BACKGROUND:The child-murderer probably considered the trial in Armagh as a welcome break from jail
WHATEVER GOES on in the bleak and sinister mind of paedophile child serial killer Robert Black we never truly learned during the harrowing murder trial at Armagh Crown Court these past five weeks.
He didn’t give evidence, preferring to quietly, sometimes almost indifferently, observe from the dock the unfolding of the case against him for the murder of nine-year-old Jennifer Cardy in Northern Ireland 30 years ago.
It didn’t matter much to him anyway because he is already serving life sentences for three child murders and at the earliest won’t be released until 2029 when he will be 82.
The 22 days of trial which concluded yesterday with Black pronounced guilty of murder and abduction probably was a diversion for him, a welcome interruption from Wakefield Prison in England where he is an inmate, and also a boon to his twisted vanity and ego.
But we did learn about Jennifer Cardy from her mother Patricia during the trial. She painted a picture of childhood happiness and innocence in awful contrast to the calculating wickedness of Black. Patricia Cardy told of how on August 12th, 1981, she wound Jennifer’s wristwatch at the family home in Ballinderry, near Lisburn in Co Antrim. Jennifer then cycled off at 1.40pm to her friend’s house about a mile and a half away.
Jennifer wanted to be absolutely sure about the time because she was determined to be back later to see her favourite children’s programme Jackanory. The jury was shown a picture of Jennifer cheerfully posing with her red bicycle, a present she received two weeks before her murder. “When Jennifer set off she didn’t have a care in the world,” said Ms Cardy.

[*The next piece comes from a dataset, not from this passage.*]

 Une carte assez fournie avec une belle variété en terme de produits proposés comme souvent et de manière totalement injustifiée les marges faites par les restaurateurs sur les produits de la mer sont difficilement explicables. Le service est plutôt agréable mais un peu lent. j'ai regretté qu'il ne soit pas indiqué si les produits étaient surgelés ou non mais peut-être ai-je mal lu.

The bike was later found behind a hedge close to her home. Six days after she went missing her body was found in a dam 18 miles away near Hillsborough, Co Down. The watch had stopped at 5.40pm, indicating the near time of her death four hours after she left her home.
The Cardys are a deeply impressive and religious family. People, including those reporters who have been in court from day one, have found many aspects of the case distressing, such as Black talking in taped police interviews about his child abduction fantasies – fantasies that at times became realities.

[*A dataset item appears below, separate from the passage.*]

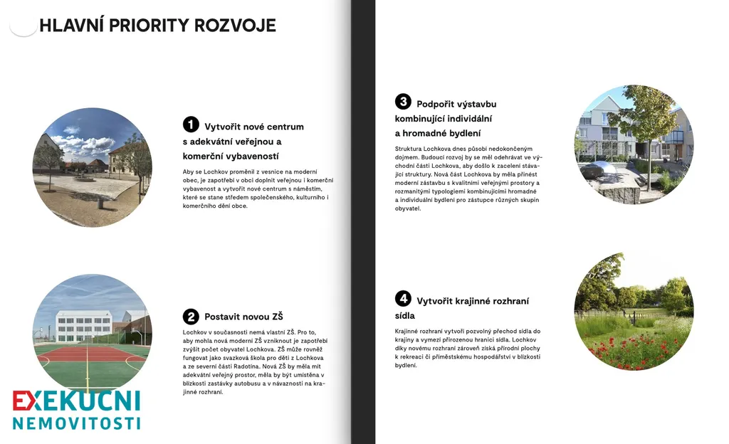 Městská část Lochkov, je velmi dobře funkční s příjemným přístupem lidí zajišťující samosprávu. Městská část má aktuálně zpracovaný územní plán s předpokládaným rozvojem v dalších dvaceti letech. Avšak dle informací pana starosty, bude tento rozvoj vždy plně zachovávat bydlení vesnického charakteru. Hlavní priority plánu rozvoje – viz fotodokumentace.

Patricia Cardy had a welcome smile for people, and her children Victoria, Philip and Mark were equally generous in spirit. Her husband Andy, just after the jury of nine women and three men retired to consider its verdict on Tuesday morning, took time to embrace the women reporters and shake hands with the male reporters. He was as emotional and demonstrative yesterday.

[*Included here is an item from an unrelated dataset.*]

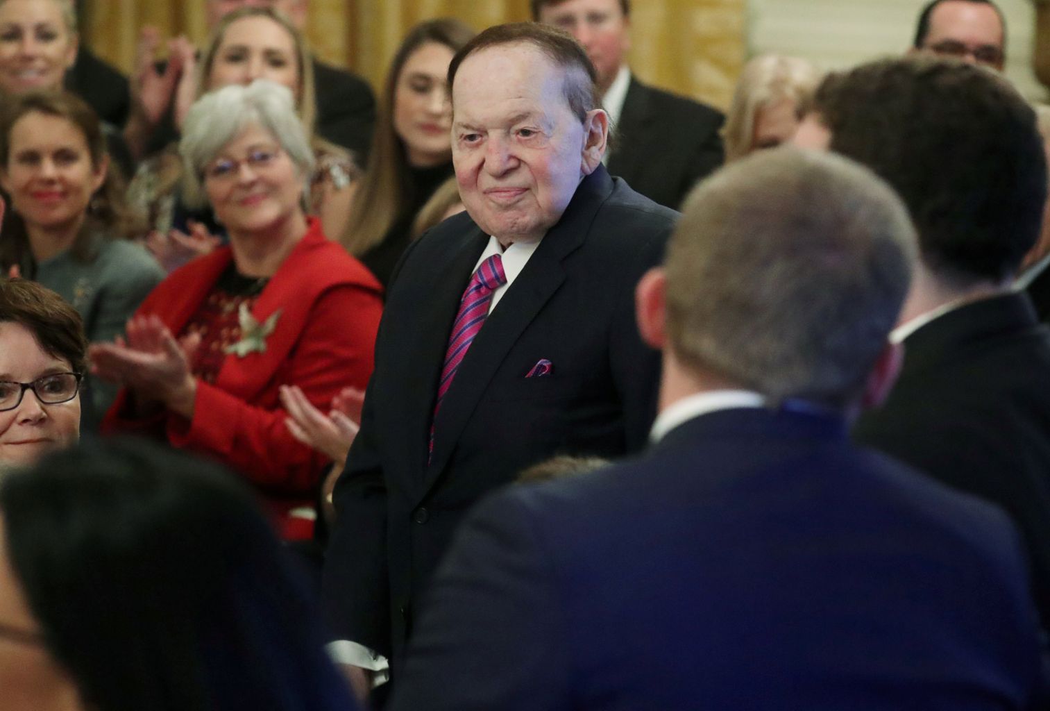 Sheldon Adelson (above, in November 2018) reportedly has not been at his company’s offices in Las Vegas since around Christmas Day.

“I’m a Pentecostalist, we do a lot of hugging,” he explained, showing as further proof the telltale makeup marks on the shoulders of his jacket.
But through the trial you could sense the Cardys’ anxiety as well, their wish that at least in the criminal sense there would be a resolution to how and why Jennifer was murdered. They got that and were hugely thankful.
In 1994, Black was convicted of three unsolved child murders in the 1980s: of Susan Maxwell (11) from the Scottish Borders, Caroline Hogg (5) from Edinburgh, and Sarah Harper (10) from Morley, near Leeds, and a failed abduction bid in Nottingham in 1988. He pleaded not guilty to these killings, as he did to Jennifer’s murder.